As Peter van der Krogt contends in his research into Columbian monuments, the movement toward commemorating people like Columbus swelled in the late eighteenth century when former colonies transformed into nations in search of an origin story (van der Krogt 2023). European immigration over the last two centuries has reinforced colonial ties with the metropole, intensifying the desire to see actors of colonization from elsewhere in the world on the periphery of our identities as North Americans. In contrast, in recent decades, some forms of Spanish-colonial commemoration have been re-examined in regions colonized by Spain between 1492 and 1898. Commemoration, in these two contexts, either enables or opposes the delinking required to achieve decolonization in places such as the Americas (Mignolo 2007, pp. 449–514).

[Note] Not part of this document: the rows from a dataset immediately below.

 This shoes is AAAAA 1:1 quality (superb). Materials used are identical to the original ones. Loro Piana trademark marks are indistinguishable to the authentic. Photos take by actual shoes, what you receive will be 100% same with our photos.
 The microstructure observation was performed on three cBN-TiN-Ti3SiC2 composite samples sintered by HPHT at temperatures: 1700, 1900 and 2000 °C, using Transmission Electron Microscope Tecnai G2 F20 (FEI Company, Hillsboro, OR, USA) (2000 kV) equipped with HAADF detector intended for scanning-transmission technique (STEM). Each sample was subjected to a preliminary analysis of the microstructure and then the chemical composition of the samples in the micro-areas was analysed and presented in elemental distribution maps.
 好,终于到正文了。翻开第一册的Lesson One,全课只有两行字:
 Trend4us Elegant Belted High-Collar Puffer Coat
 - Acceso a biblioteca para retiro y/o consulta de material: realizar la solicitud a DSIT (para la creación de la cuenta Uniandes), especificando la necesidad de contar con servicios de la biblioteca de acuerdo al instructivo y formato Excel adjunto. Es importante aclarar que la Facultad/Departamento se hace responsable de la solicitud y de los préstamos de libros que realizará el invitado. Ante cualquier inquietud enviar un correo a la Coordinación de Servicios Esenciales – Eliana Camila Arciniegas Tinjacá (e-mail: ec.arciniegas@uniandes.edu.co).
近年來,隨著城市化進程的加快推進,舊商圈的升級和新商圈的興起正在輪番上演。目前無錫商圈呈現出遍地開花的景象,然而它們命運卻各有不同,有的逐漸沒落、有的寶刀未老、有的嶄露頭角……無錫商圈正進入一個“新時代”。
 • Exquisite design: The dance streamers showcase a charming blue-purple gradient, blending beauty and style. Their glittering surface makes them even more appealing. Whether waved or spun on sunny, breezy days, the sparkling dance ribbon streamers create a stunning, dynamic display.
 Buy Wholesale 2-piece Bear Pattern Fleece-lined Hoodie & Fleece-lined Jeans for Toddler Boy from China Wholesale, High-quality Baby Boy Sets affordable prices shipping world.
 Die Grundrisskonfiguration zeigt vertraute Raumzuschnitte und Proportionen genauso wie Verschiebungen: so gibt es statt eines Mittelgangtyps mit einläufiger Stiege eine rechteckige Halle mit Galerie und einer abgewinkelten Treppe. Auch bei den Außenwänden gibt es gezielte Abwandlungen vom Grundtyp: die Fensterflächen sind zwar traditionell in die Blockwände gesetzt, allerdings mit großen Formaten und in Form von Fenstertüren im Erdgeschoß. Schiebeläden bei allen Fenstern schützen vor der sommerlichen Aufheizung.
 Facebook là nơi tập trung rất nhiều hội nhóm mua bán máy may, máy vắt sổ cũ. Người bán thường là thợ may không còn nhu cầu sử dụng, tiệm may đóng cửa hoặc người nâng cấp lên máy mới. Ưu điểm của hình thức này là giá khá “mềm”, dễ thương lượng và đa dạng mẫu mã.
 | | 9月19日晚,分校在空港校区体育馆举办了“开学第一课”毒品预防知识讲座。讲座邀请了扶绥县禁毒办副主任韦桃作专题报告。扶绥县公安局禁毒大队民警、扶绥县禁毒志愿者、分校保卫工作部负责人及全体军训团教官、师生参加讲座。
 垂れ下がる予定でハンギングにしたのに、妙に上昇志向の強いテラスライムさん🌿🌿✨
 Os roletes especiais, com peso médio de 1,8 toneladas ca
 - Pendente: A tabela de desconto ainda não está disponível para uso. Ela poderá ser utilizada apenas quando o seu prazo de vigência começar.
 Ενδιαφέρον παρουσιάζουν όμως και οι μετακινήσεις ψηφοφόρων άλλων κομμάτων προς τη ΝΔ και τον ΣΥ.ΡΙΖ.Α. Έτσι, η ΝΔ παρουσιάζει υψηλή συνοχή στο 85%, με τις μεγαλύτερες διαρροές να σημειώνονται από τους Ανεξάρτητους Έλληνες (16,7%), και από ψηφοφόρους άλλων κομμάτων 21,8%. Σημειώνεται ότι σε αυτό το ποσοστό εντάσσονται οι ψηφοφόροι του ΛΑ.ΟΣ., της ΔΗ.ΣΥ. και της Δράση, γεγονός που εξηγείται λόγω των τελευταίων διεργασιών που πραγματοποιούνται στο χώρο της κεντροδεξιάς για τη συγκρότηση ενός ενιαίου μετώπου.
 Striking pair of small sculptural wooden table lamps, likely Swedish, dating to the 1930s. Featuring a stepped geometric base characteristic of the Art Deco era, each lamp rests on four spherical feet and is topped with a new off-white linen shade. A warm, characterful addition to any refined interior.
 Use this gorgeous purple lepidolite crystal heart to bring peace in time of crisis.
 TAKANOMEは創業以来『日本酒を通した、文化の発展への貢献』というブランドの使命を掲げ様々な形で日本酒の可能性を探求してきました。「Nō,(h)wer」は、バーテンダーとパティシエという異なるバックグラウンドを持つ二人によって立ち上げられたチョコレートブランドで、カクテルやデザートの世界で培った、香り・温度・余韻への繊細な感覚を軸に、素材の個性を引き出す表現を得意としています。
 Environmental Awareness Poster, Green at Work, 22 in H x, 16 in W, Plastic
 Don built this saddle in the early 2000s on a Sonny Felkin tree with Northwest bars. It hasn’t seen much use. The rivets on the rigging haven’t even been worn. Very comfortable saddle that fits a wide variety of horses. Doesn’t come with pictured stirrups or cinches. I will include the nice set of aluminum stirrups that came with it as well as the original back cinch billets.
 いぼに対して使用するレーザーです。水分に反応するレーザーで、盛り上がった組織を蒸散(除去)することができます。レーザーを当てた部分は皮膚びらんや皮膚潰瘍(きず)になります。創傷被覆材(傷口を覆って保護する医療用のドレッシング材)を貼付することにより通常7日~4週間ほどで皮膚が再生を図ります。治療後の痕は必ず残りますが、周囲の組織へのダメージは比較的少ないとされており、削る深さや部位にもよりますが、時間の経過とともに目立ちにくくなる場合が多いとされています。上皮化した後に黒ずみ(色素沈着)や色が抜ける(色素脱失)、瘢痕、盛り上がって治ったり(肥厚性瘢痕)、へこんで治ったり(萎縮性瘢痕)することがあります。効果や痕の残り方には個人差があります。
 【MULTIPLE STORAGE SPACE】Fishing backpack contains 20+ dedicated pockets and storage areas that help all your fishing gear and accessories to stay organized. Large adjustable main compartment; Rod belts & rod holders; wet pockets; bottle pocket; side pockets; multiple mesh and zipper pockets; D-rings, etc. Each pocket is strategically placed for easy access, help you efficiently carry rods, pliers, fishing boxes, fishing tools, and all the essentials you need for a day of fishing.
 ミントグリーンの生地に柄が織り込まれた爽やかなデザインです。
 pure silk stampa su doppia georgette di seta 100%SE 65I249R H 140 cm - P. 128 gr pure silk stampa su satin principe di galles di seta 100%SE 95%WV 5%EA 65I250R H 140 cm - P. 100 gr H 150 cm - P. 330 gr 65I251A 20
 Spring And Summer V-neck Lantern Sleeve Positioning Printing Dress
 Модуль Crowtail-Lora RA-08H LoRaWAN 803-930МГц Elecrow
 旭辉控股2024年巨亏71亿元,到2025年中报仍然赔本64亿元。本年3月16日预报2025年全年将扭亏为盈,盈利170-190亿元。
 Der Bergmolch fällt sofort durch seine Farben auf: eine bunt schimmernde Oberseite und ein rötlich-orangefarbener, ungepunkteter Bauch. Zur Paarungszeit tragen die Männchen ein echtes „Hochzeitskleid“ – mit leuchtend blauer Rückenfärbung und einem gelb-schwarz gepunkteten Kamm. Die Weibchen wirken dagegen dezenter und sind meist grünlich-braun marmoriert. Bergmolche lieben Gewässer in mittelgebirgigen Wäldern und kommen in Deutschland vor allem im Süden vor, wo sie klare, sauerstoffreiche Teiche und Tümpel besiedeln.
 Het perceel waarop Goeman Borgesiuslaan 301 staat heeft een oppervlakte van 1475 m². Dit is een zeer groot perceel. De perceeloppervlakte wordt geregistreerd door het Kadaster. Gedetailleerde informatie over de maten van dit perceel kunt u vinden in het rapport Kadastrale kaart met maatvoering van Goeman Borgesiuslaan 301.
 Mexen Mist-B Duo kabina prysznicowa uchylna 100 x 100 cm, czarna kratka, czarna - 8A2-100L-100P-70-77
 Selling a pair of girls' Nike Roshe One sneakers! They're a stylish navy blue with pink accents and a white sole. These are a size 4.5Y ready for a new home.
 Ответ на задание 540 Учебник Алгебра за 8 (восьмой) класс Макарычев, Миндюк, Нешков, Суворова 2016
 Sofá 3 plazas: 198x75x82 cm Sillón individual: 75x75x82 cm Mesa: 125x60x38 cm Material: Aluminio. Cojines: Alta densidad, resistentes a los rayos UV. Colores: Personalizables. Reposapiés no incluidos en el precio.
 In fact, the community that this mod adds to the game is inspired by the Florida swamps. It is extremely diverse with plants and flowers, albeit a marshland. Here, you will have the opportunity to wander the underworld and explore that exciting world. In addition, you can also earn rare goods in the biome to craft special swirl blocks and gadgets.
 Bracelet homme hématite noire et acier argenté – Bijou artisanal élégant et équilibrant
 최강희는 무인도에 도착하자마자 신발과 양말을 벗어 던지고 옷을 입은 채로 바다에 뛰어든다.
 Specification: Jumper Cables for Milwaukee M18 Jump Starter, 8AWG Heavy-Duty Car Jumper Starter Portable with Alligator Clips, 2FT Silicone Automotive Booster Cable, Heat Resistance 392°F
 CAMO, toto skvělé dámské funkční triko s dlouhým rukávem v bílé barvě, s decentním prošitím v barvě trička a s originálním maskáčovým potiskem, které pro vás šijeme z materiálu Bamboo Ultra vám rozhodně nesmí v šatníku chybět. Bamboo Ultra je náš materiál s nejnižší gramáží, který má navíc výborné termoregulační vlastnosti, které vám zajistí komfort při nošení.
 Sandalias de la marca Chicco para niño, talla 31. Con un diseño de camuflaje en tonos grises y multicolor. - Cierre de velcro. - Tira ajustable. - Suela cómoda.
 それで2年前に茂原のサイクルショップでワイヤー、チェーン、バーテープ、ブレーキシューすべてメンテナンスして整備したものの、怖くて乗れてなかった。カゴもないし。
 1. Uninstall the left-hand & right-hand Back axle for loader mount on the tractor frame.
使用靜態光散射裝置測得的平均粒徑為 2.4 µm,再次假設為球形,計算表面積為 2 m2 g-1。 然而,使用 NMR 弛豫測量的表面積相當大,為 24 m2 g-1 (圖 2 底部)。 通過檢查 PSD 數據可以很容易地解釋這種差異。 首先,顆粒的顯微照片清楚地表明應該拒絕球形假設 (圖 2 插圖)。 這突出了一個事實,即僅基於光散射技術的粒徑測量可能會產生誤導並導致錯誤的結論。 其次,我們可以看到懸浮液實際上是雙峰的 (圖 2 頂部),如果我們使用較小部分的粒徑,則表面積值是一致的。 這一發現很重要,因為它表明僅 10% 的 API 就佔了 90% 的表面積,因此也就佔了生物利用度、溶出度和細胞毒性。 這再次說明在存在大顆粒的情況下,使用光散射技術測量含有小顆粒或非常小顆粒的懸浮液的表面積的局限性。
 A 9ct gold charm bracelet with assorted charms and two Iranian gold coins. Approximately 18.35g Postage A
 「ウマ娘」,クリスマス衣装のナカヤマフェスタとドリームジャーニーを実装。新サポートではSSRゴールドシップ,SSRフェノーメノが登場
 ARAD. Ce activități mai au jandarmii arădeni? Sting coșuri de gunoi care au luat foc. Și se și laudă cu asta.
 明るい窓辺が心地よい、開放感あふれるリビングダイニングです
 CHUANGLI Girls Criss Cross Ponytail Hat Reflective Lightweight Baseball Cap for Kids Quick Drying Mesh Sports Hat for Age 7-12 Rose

Delinking can be seen in Port-au-Prince, Haiti, where a Columbus statue was removed in 1987. Venezuela changed its holiday celebrating the cultural encounter marked by the arrival of white people, El Día de la Raza, to become the Día de la Resistencia Indígena in 2002. In a Latin American and Caribbean context, these reassessments of the value of Spanishness and Europeanity demonstrate how post-colonial identities forge different pathways untrodden by and delinked from a former colonizer and early modernity. But in Canada and the United States, the opposite—an embrace of early modernism through various forms of commemoration that celebrate past achievements, events, and their associated actors—seems to characterize monuments referring to Spain.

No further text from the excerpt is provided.